Exercise prompt:
No pictures go into the copy. Write out exactly the lines below from the one containing "To bring the" through the one containing "Capacity: 8,000 lbs".

Material provided:
*** Begin section ***

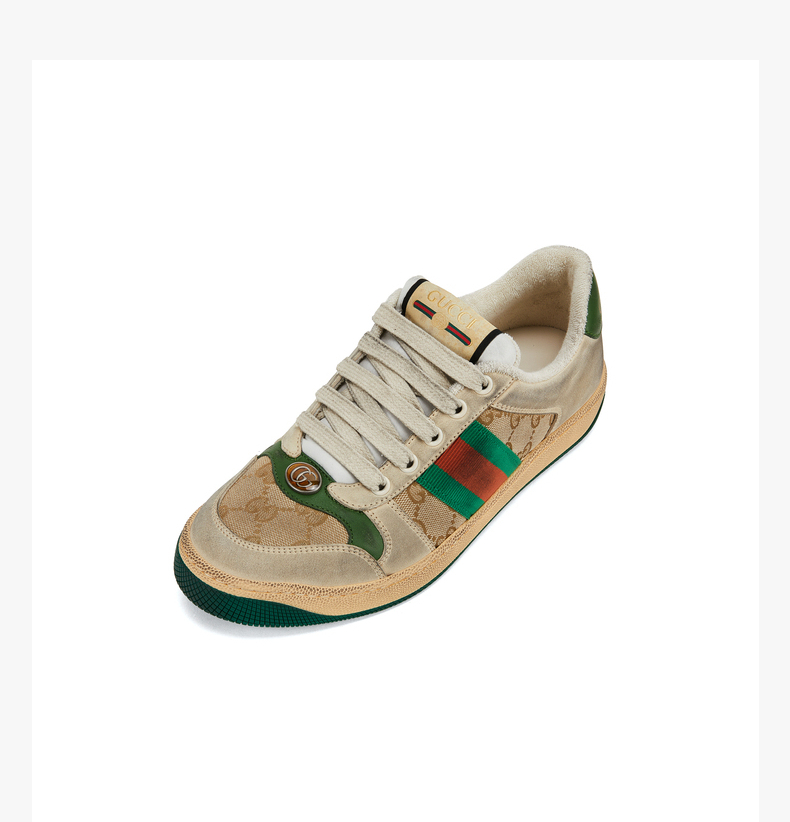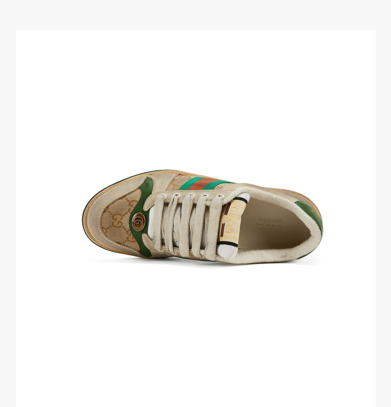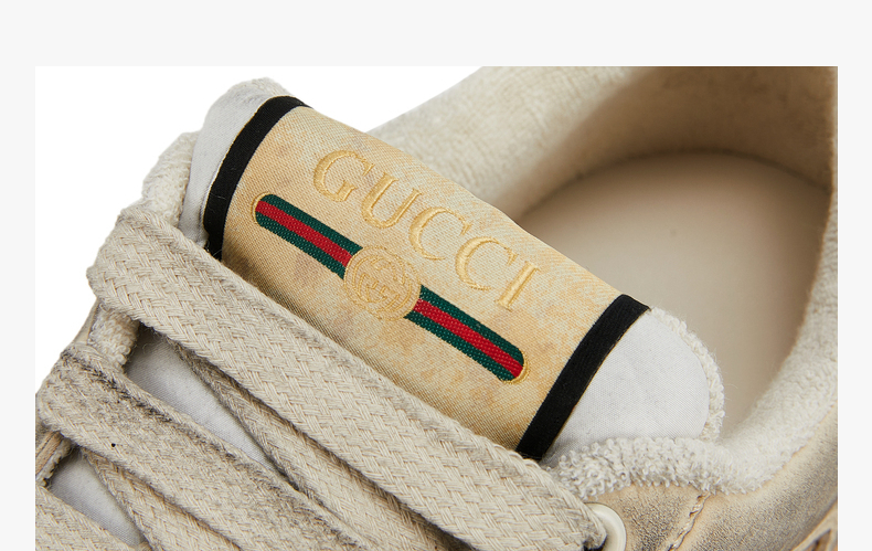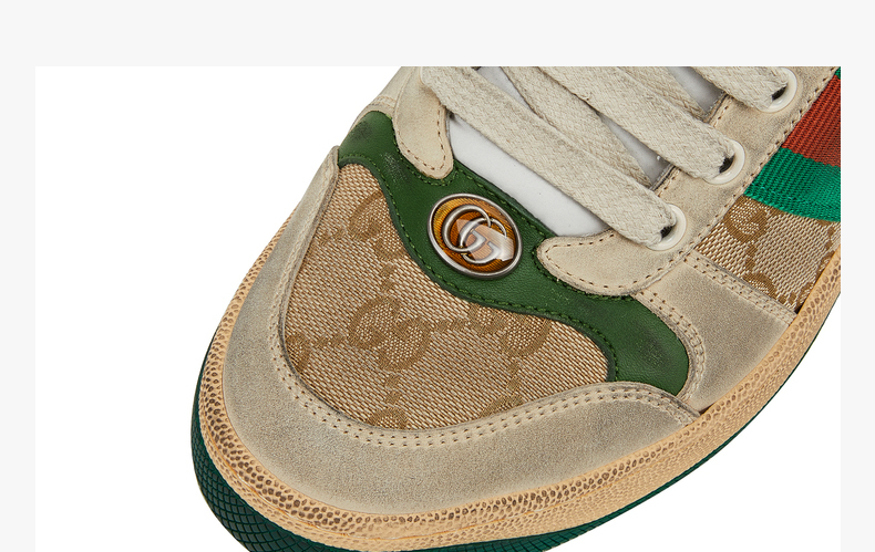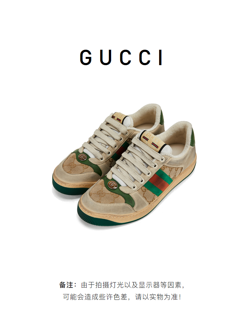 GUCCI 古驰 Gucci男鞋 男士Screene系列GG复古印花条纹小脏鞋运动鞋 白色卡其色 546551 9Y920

*** End section ***
*** Begin section ***

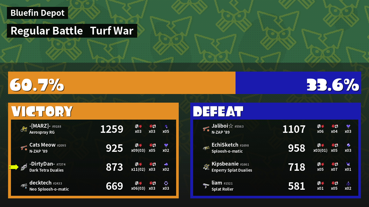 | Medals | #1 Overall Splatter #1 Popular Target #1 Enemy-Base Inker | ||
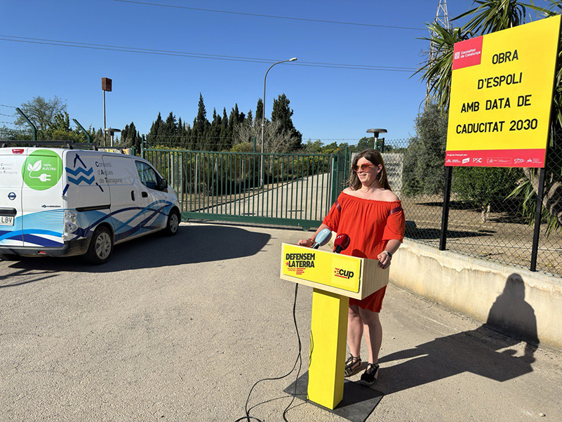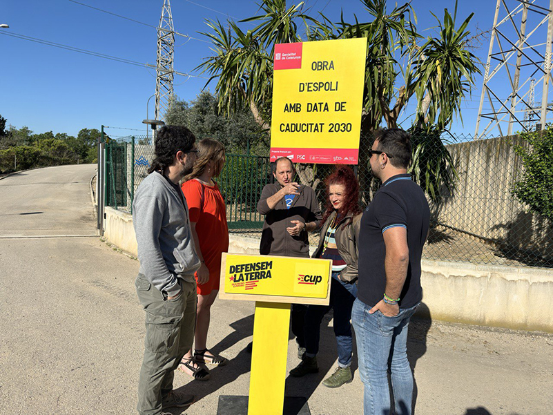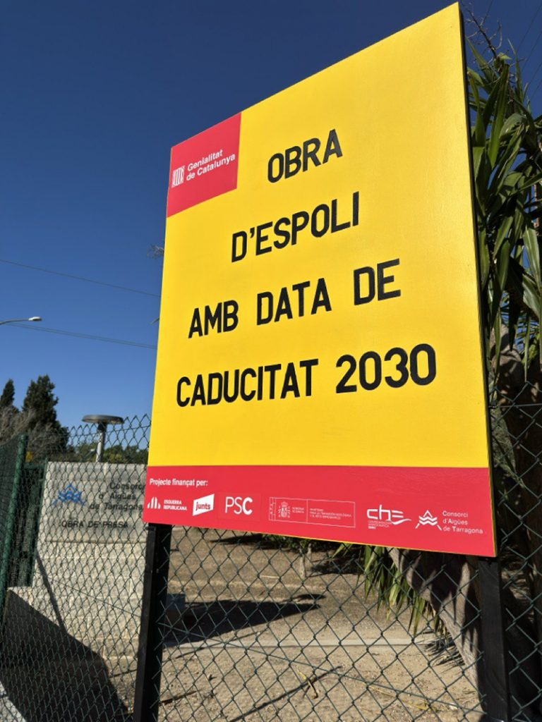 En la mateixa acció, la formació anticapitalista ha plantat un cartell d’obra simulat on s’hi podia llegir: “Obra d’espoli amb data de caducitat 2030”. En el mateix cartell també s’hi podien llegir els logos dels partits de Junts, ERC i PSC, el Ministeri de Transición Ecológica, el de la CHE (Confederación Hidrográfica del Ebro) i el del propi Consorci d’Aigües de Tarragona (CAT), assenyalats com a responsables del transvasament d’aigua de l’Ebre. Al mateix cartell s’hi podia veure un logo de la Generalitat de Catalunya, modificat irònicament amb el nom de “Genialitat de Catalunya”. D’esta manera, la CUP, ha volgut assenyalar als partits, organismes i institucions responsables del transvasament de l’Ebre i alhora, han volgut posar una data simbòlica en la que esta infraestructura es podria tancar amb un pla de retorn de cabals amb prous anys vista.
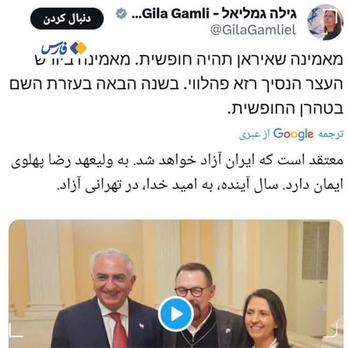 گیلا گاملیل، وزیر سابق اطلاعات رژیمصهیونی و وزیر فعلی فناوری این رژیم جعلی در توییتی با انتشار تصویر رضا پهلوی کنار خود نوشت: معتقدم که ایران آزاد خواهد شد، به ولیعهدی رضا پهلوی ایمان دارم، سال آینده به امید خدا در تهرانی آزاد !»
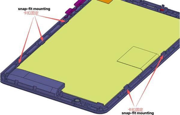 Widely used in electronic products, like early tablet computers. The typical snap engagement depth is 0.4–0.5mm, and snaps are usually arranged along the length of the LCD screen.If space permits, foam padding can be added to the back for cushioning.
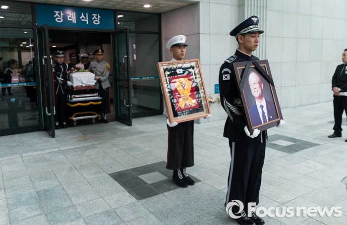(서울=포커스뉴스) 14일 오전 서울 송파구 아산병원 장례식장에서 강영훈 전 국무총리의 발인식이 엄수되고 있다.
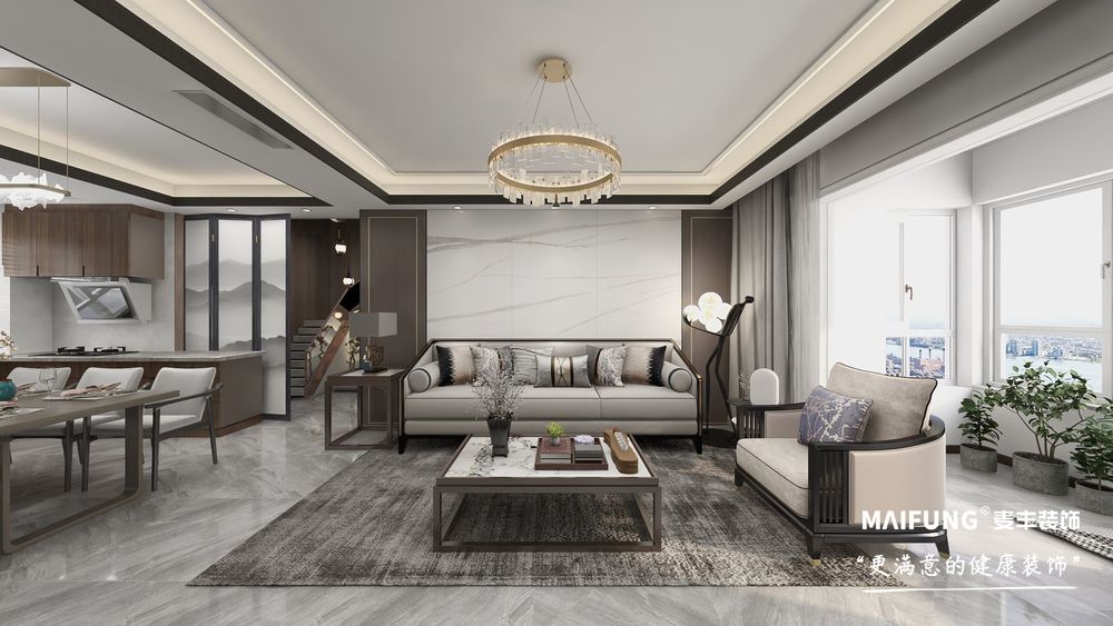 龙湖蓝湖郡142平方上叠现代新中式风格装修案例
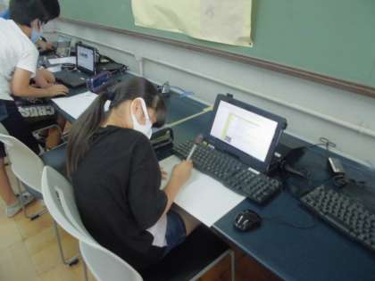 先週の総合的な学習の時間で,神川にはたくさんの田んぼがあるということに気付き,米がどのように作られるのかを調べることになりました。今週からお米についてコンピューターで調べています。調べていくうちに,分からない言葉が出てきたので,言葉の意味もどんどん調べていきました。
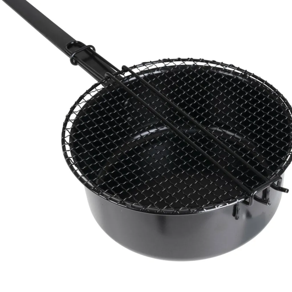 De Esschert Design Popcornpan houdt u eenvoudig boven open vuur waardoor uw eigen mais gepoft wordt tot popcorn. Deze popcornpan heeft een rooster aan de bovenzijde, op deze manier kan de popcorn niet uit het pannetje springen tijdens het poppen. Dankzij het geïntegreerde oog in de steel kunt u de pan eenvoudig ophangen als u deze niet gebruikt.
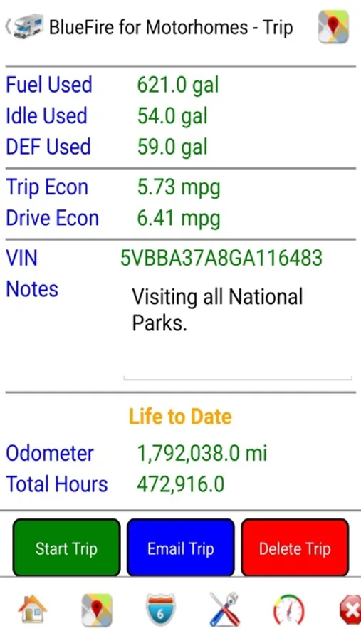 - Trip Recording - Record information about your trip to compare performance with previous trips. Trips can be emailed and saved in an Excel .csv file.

*** End section ***
*** Begin section ***

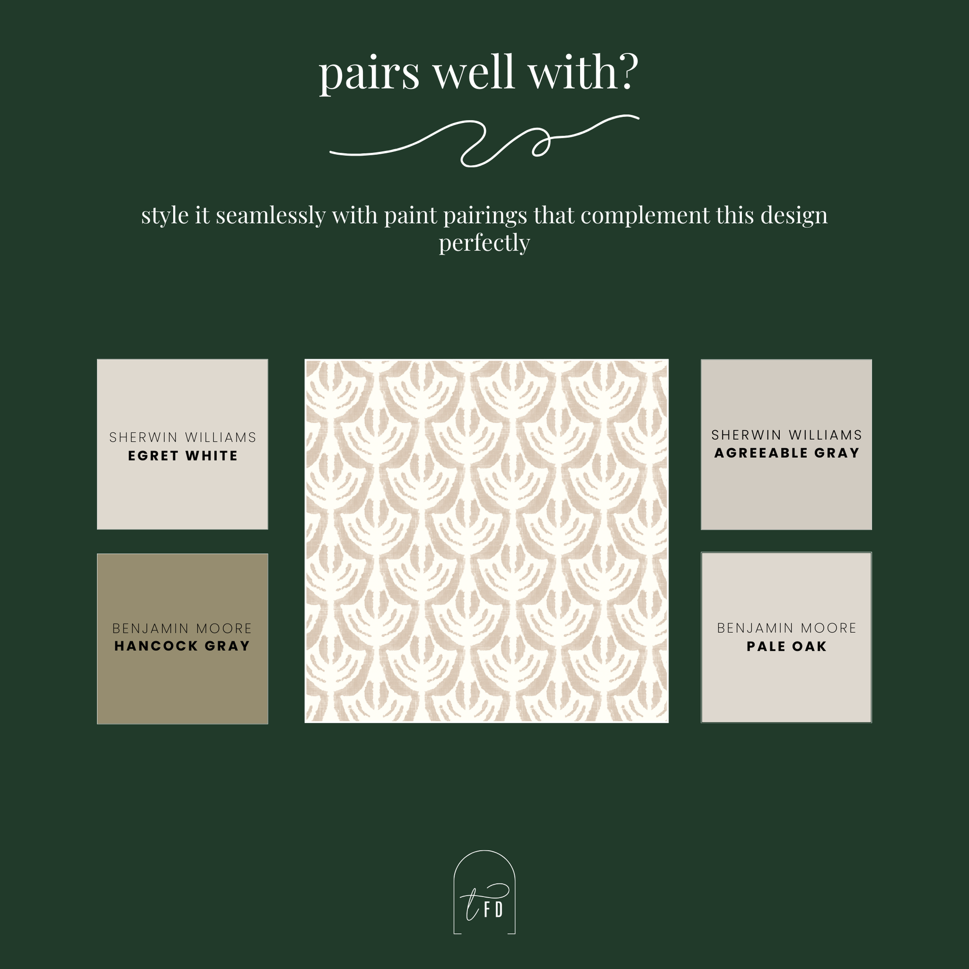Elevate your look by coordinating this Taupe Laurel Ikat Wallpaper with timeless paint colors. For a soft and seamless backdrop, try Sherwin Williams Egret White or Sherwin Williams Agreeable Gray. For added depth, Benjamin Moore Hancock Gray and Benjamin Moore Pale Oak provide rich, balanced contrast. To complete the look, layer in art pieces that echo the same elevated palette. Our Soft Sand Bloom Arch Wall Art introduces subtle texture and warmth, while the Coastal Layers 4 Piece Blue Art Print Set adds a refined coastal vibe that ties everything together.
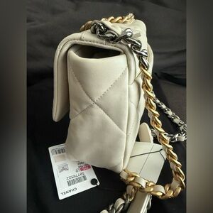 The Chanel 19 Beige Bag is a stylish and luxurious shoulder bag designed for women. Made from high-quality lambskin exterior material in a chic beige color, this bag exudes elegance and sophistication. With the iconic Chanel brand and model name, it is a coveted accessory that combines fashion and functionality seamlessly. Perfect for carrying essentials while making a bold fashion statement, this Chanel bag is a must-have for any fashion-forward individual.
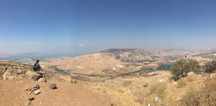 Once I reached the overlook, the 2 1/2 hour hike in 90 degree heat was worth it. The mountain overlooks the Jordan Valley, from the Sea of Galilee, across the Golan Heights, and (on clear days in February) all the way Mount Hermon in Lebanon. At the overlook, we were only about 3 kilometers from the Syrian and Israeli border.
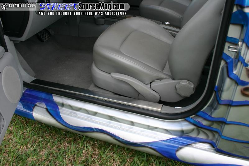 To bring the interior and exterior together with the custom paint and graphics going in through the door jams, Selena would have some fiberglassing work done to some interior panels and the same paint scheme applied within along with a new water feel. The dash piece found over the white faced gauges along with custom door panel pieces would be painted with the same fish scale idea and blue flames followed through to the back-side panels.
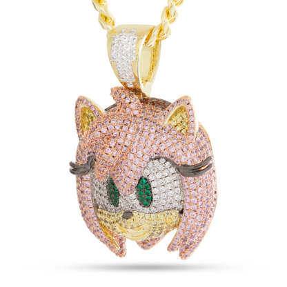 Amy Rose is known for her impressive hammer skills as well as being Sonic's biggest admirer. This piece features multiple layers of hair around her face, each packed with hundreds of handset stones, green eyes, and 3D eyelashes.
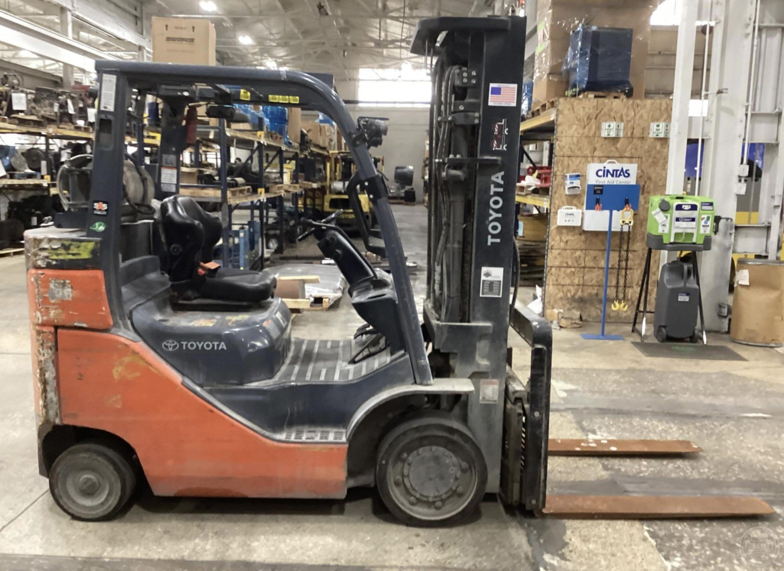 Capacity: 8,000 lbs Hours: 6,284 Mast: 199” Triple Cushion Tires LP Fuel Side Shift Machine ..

*** End section ***

Expected output:
 To bring the interior and exterior together with the custom paint and graphics going in through the door jams, Selena would have some fiberglassing work done to some interior panels and the same paint scheme applied within along with a new water feel. The dash piece found over the white faced gauges along with custom door panel pieces would be painted with the same fish scale idea and blue flames followed through to the back-side panels.
 Amy Rose is known for her impressive hammer skills as well as being Sonic's biggest admirer. This piece features multiple layers of hair around her face, each packed with hundreds of handset stones, green eyes, and 3D eyelashes.
 Capacity: 8,000 lbs Hours: 6,284 Mast: 199” Triple Cushion Tires LP Fuel Side Shift Machine ..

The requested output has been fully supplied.